Economic Success Depends On Constant Failure

By Dwight R. Lee and Richard B. McKenzie
November 14, 1996

The entire world now recognizes that private enterprise is the only road to economic prosperity. Yet the administration in Washington sees more government intrusions into the private sector as the best route to political popularity. President Clinton is staking his presidency on the belief that undermining the prosperity that everyone wants, and that only the private enterprise system can deliver, is politically clever. And he may be right.

The market economy is such a powerful engine in the production of wealth because it excels at letting people know when the resources they are using in one activity would be more productively used in another activity. That market communication not only provides important information, it comes in a form that no one can ignore, economic failure. Economic failure is to the economy what physical pain is to the body. No one enjoys pain, but without it the body would lack the information needed to maintain its health.

Those who experience unemployment feel pain, but because of that pain they are likely to obtain new employment in which they provide more value to consumers. Most unemployed workers now find new jobs within a few weeks. The evidence from Europe shows clearly that extending unemployment compensation increases the average length of unemployment and reduces the productivity of the economy.

Business failures are painful. But the only way an economy can take full advantage of the new technologies that are sweeping the globe is for some business to fail and make way for others to expand. A major reason for Japan’s rapid economic growth is a business failure rate that is higher than that of the United States. Attempts to target some American firms and industries for special government assistance would reduce economic growth.

As agricultural technology has improved, we have been able to produce more food and fiber with fewer workers and less land, making it possible to produce more of other products consumers want. The result has been painful bankruptcies for millions of farmers. In 1940, for example, there were 6.1 million farms in the United States. In 1989 there were only 2.2 million. The movement off the farm was painful for many, but it resulted in far greater wealth for the entire economy.

As consumers we all receive the general benefits of economic success because there are always a few suffering the concentrated pain of economic failure. Unfortunately, the characteristic that makes the marketplace so successful economically makes it extremely vulnerable politically. Because it provides general benefits by imposing concentrated costs, the private enterprise system finds itself in an unrelenting battle against special-interest political influence.

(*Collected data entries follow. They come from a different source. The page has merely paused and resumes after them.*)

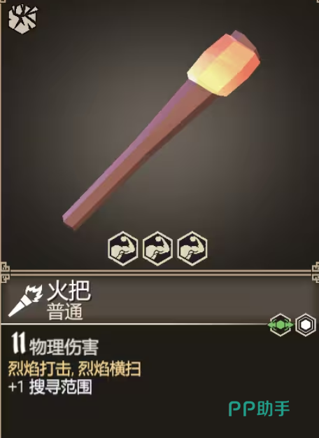 首推的是火把,作为基础品质的近战工具,它主要造成物能伤害,并附带烈焰打击与横扫两种特殊效果。装备后还能使角色的探索范围扩展一格,在早期探索地图时具备一定的战术优势。
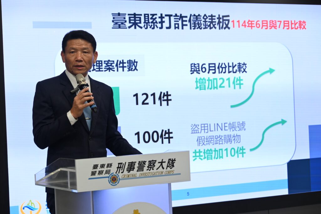 警察局局長蔡燕明指出,根據內政部警政署165打詐儀錶板顯示,臺東縣114年7月份受理詐騙121件、財損金額新臺幣(以下同)1,247萬元,遭詐件數增加21件,財損金額較6月份減少2,160萬元,其中財損金額最高仍為假投資詐騙,顯示此類詐騙手法仍具高度危害,亟需持續防治及宣導。
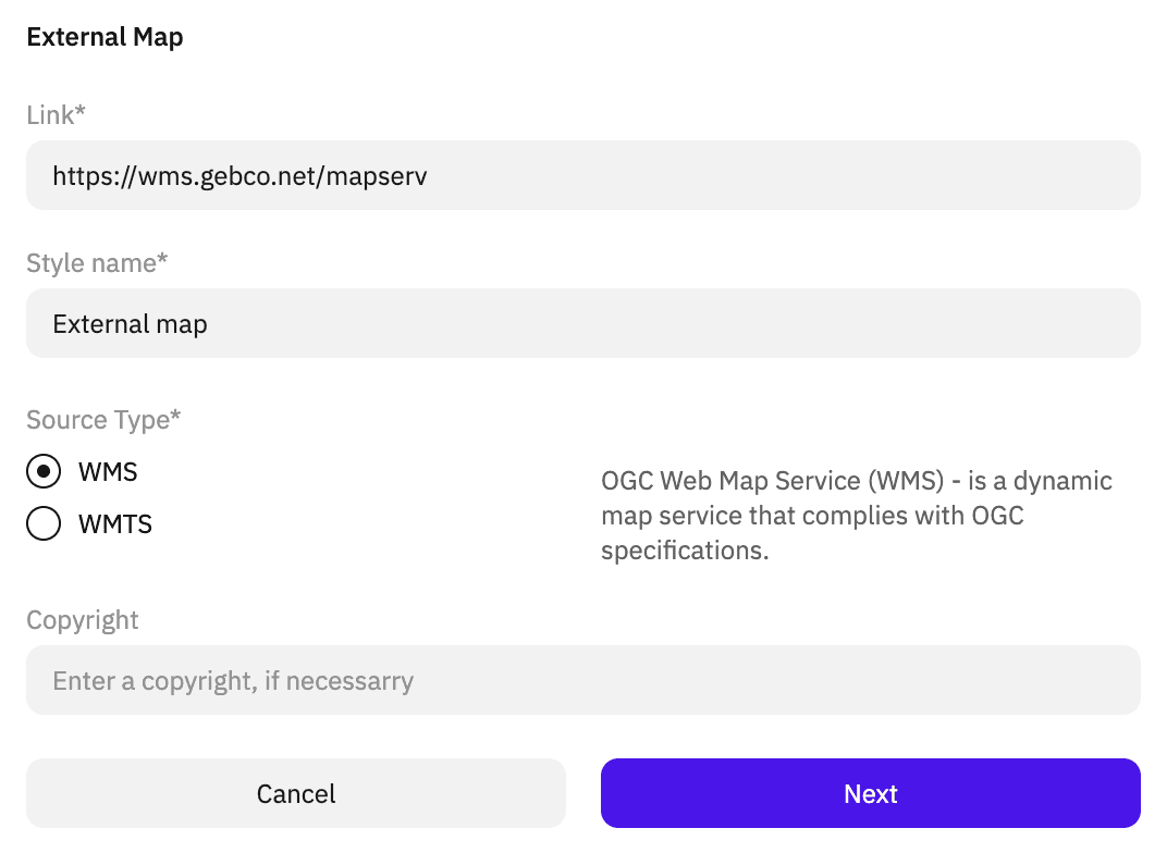 Copyright: copyright holder name. Add if the external source requires it. The text is displayed in the lower-left corner of the map.

An industry and its workers, threatened with economic failure, can reap immediate and concentrated benefits from government action in the form of extended unemployment compensation, subsidies, loan guarantees, tax breaks, mandates, and import restrictions. Already organized through its unions and professional organizations, an industry group can easily communicate its demands in ways that politicians ignore at their peril.

The benefits an interest group thus receives are more than offset by the costs of a less productive economy. But those costs, though large in the aggregate, are spread so thinly over the entire population that they go unnoticed politically. Most people are not even aware of the slightly higher prices they pay or the slightly reduced choices they have when market competition is rendered less intense by special-interest legislation. So when considering a proposal that will protect a few against economic failure at the expense of the many, politicians can be expected to hear from the few but not from the many. As opposed to the marketplace, the political process reduces the general wealth of the economy by concealing failure rather than revealing it. Governing programs financed in the name of reducing economic failure do nothing more than reduce the visible failure to the politically privileged by increasing the invisible failure suffered by those not so privileged.

If President Clinton is serious about change, and about reducing the influence of special lobbys, he is on the wrong track. He is proposing to expand the role of government in the economy, all in the name of helping those who are facing one form of economic failure or another. No matter how well-intended those programs, or how deserving the expected recipients, the programs will invariably be taken over by organized interests that will use them to shift the cost of failure from themselves to others. That may be politically shrewd, but it’s more of the same old special-interest politics that candidate Clinton promised to change. Real change would be to put the general interest ahead of special interests by reducing futile government attempts to reduce economic failure and unleashing the full productive force of the marketplace.

Dwight R. Lee is a professor of economics at the University of Georgia. Richard B. McKenzie is a professor of economics at the University of California, Irvine. They are authors of Failure and Progress: The Bright Side of the Dismal Science (Cato Institute, 1993.)